### WHAT IS REQUIRED
For this exercise, return only the lines in the records below from the one holding "広縁があった位置にキッチンを" through the one holding "333333-Farmers Deposit National", including both, exactly as they appear and without pictures.
### RECORDS SUPPLIED ###
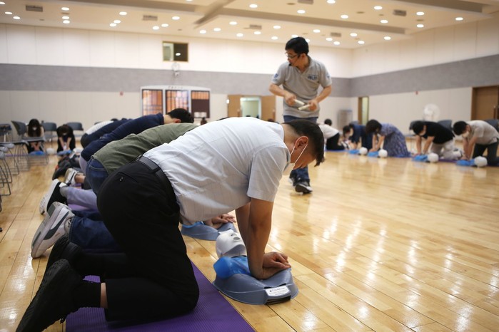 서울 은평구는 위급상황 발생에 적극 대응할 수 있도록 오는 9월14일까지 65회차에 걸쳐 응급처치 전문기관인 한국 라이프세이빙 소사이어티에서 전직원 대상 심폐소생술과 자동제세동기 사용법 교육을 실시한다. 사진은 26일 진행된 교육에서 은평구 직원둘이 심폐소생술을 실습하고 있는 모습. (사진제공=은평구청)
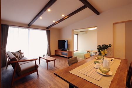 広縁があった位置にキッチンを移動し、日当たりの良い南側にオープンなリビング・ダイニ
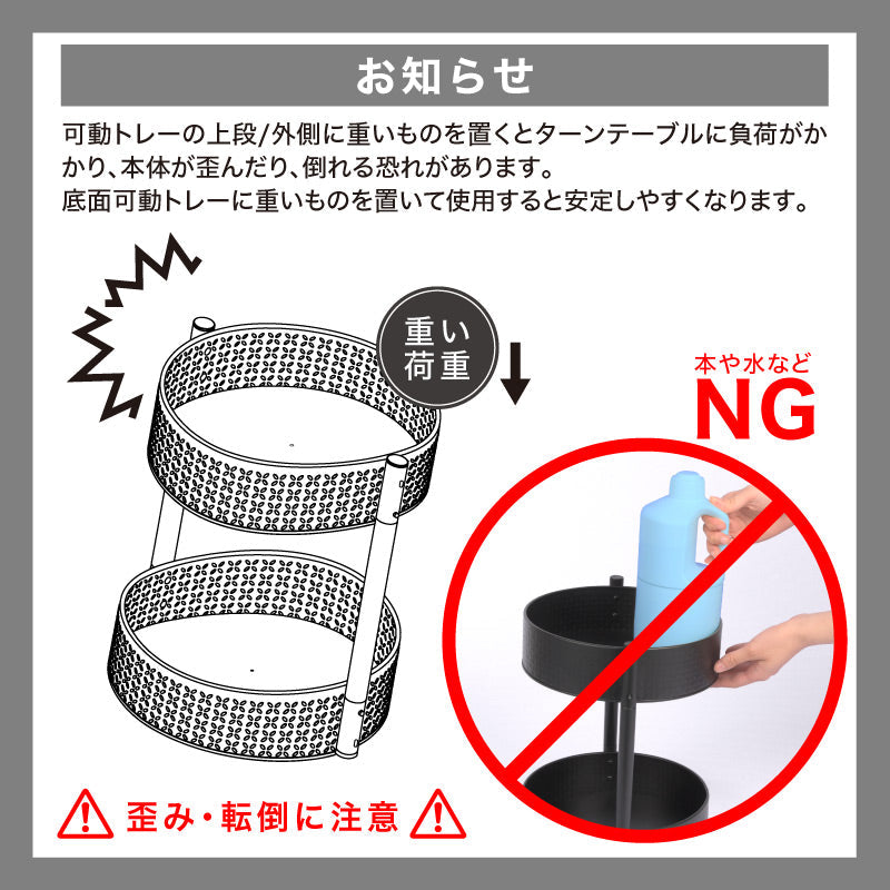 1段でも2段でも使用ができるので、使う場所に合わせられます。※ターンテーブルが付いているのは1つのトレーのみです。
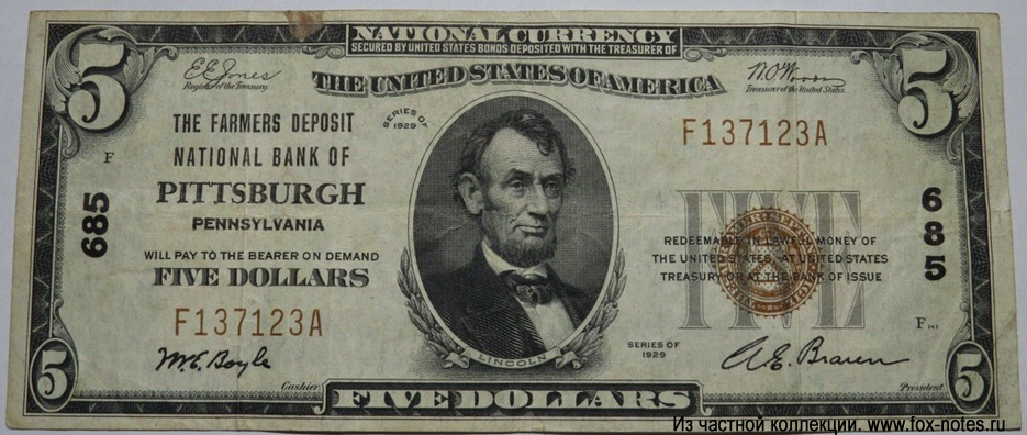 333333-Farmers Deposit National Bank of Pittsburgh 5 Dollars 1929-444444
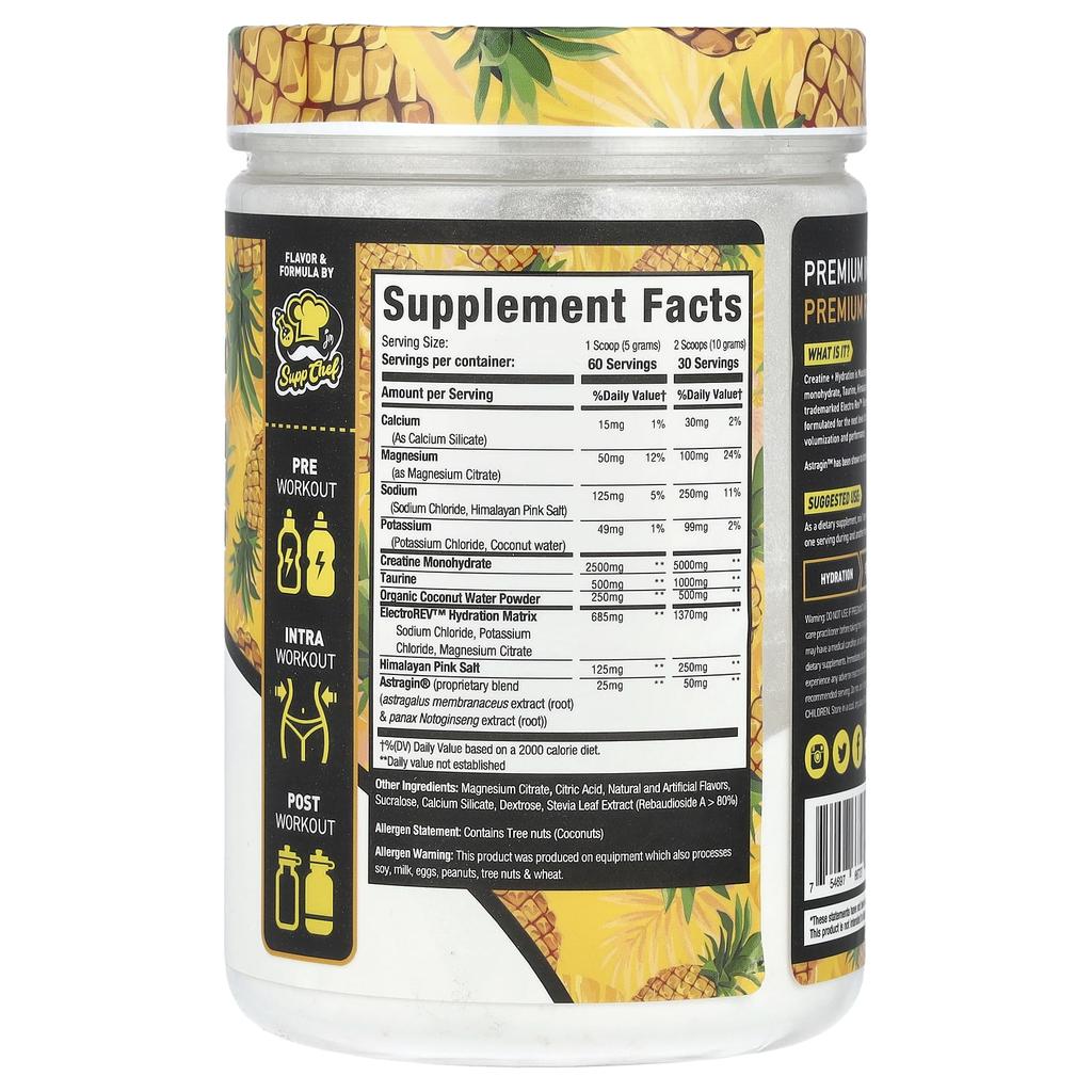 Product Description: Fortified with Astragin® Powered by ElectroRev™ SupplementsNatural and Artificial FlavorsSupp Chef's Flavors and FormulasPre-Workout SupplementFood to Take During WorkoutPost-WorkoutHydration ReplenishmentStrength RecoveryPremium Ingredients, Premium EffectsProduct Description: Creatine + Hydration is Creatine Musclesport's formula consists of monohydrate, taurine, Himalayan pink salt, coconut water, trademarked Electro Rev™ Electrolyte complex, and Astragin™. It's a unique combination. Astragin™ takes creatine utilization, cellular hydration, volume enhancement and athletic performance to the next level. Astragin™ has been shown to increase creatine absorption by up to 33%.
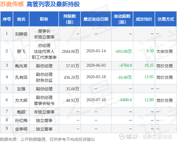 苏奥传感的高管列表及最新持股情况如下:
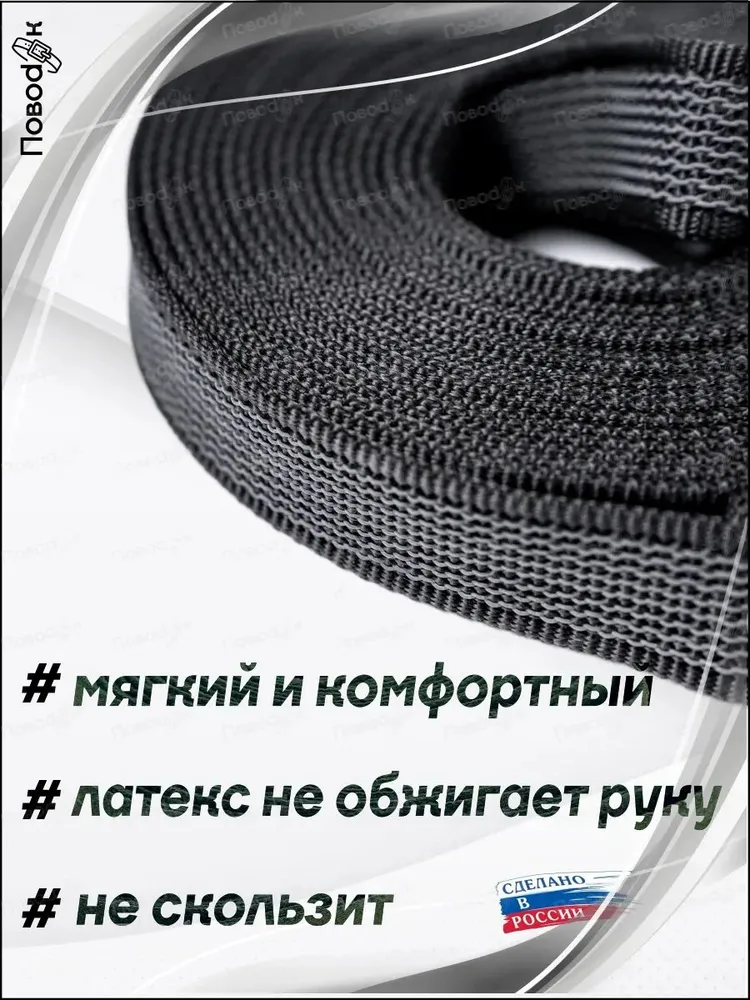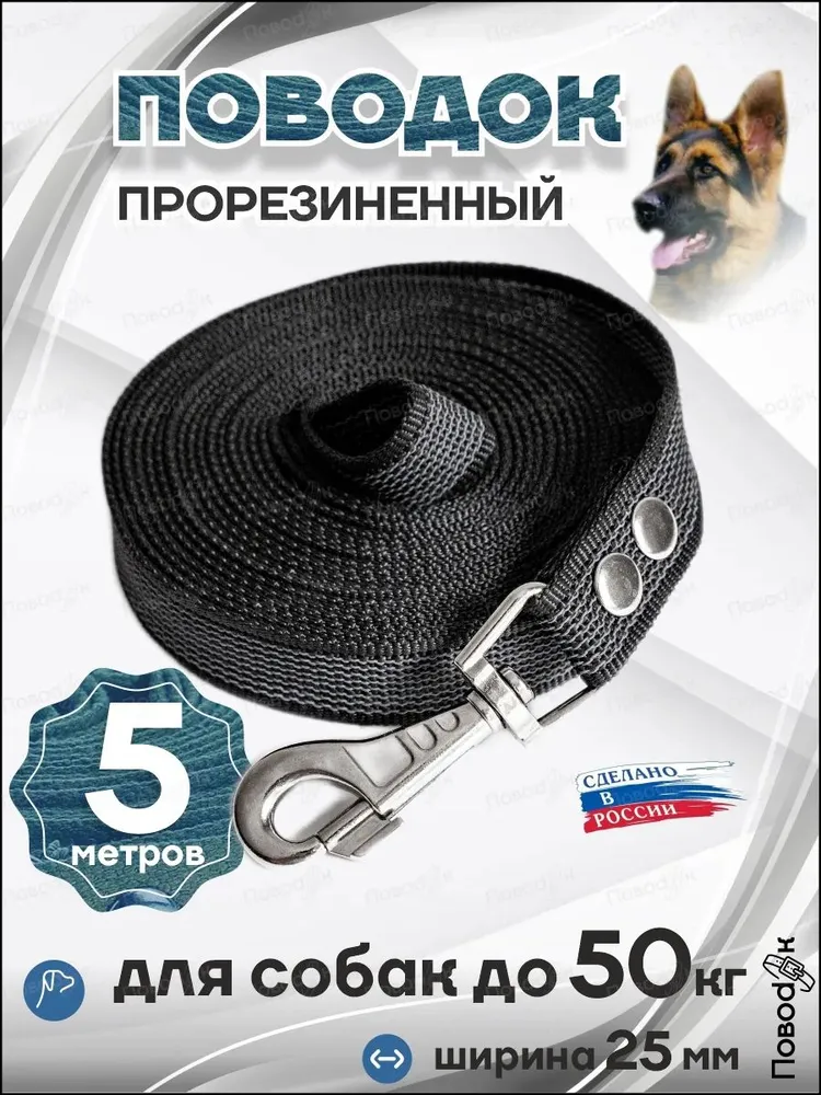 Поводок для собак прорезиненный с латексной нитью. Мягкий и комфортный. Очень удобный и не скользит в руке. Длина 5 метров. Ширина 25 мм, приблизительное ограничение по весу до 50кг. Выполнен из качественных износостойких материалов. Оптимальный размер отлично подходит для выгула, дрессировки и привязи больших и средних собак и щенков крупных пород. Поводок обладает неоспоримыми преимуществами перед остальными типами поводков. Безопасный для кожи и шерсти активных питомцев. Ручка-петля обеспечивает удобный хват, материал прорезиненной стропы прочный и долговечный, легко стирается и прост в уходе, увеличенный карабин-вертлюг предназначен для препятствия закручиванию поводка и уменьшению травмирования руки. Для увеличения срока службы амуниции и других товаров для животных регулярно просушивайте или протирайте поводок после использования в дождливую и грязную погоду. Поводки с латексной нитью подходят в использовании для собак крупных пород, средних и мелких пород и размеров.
###
### WRITTEN RESPONSE
 広縁があった位置にキッチンを移動し、日当たりの良い南側にオープンなリビング・ダイニ
 1段でも2段でも使用ができるので、使う場所に合わせられます。※ターンテーブルが付いているのは1つのトレーのみです。
 333333-Farmers Deposit National Bank of Pittsburgh 5 Dollars 1929-444444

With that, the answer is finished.